Anders Skovsted Buch and Niels Lauritzen
September 1998

The programs in this package were written for the purpose of proving or disproving Lusztigs conjecture in the case A4, p=5. Participants in the project were Anders S. Buch (abuch@imf.au.dk) and Niels Lauritzen (niels@imf.au.dk). In the project we were able to verify that Lusztig's conjecture is correct in the above case, by April, 1995. We hope that you may find any of the programs in the package useful.

A. Command line argument types

A typical specification of command line syntax (synopsis) for a program looks as follows:

% alcove rsys-p wge

This means that the program alcove expects an argument describing the root system and characteristics (rsys-p) followed by an element in the affine Weyl group (wge). To invoke the command for A2, p=7, and with the longest element in the finite Weyl group, you can write:

% alcove A2-5 2 1 2

This section describes the different argument types (except for filenames, etc.).

Root system (rsys or rsys-p)

Specification of the root system, and possibly the characteristics to work with. If the program is independent of the characteristic, then rsys will appear in the synopsis, otherwise rsys-p will appear.

In any case, the valid arguments are one of the root system types, possibly followed by a dash and a prime number. If no prime number is specified, the internal calculations will use the Coxeter number. This works whenever an rsys argument is required, but may produce unexpected results when rsys-p is required.

If the shell environment variable ROOTSYSTEM is set to a valid root system name, any root system argument may be omitted, which means that the value of ROOTSYSTEM will be used in place.


A4    :  Root system A4.
A2-3  :  A2 in characteristic 3.
B3-7  :  B3 in characteristic 7.
E8-19 :  E8 in characteristic 19.

Weight (weight)

Element in the weight lattice expressed in coordinates of the fundamental dominant weights.


3 3 3 3 :  The top alcove for A4, p=5.

Weyl group element (wge)

Element in the affine Weyl-group expressed in terms of simple reflection numbers.
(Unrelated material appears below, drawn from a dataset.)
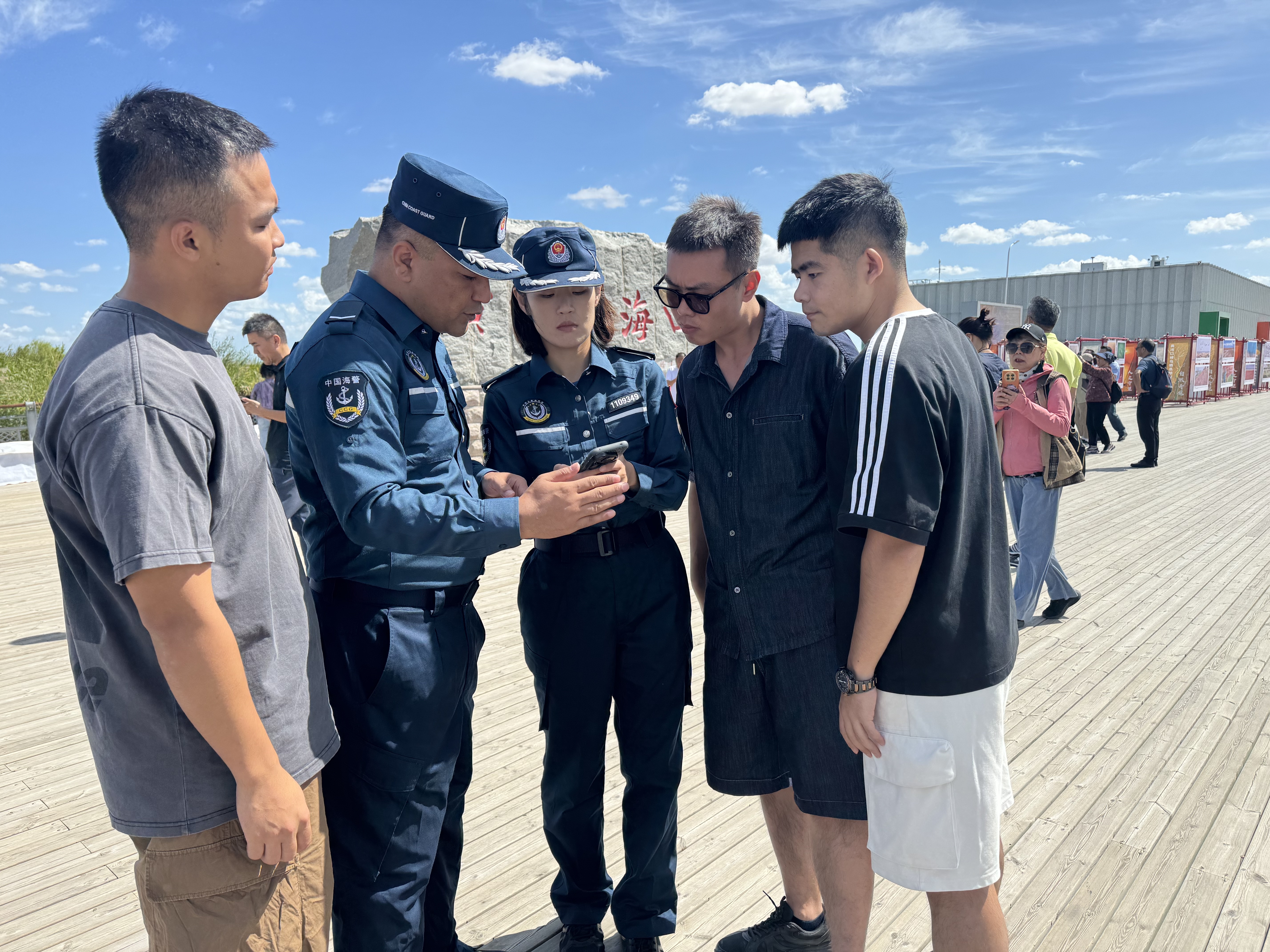 2025年5月,“馕警官”(左二)与中国海警在海南省各景区向游客进行普法宣传,并共同拍摄普法短视频。通讯员 杨磊摄

Simple reflections are numbered 0, 1, ..., n, with n = rank of root system and the numbering of nodes in the Dynkin diagram in Bourbaki. The affine reflection has number 0.
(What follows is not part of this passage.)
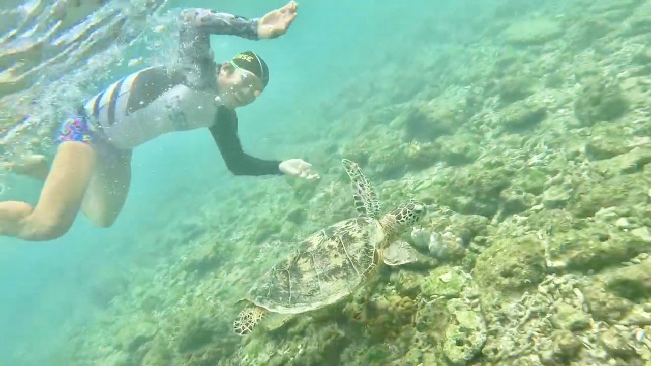 魚や珊瑚を楽しみながら泳げて、運が良ければ海の大先輩『ウミガメ』様もスイムトレーニングに参加しにくるかも!

The word long can be given to specify the longest element in the (finite) Weyl group. Similarly the word top means the affine Weyl group element corresponding to the top alcove. Both long and top are valid subexpressions as well.


1 2 1    :  Longest element for A2.
long     :  Longest element for root system in use.
long 0   :  Longest element composed with affine reflection.
long top :  Product of longest element and element for top alcove.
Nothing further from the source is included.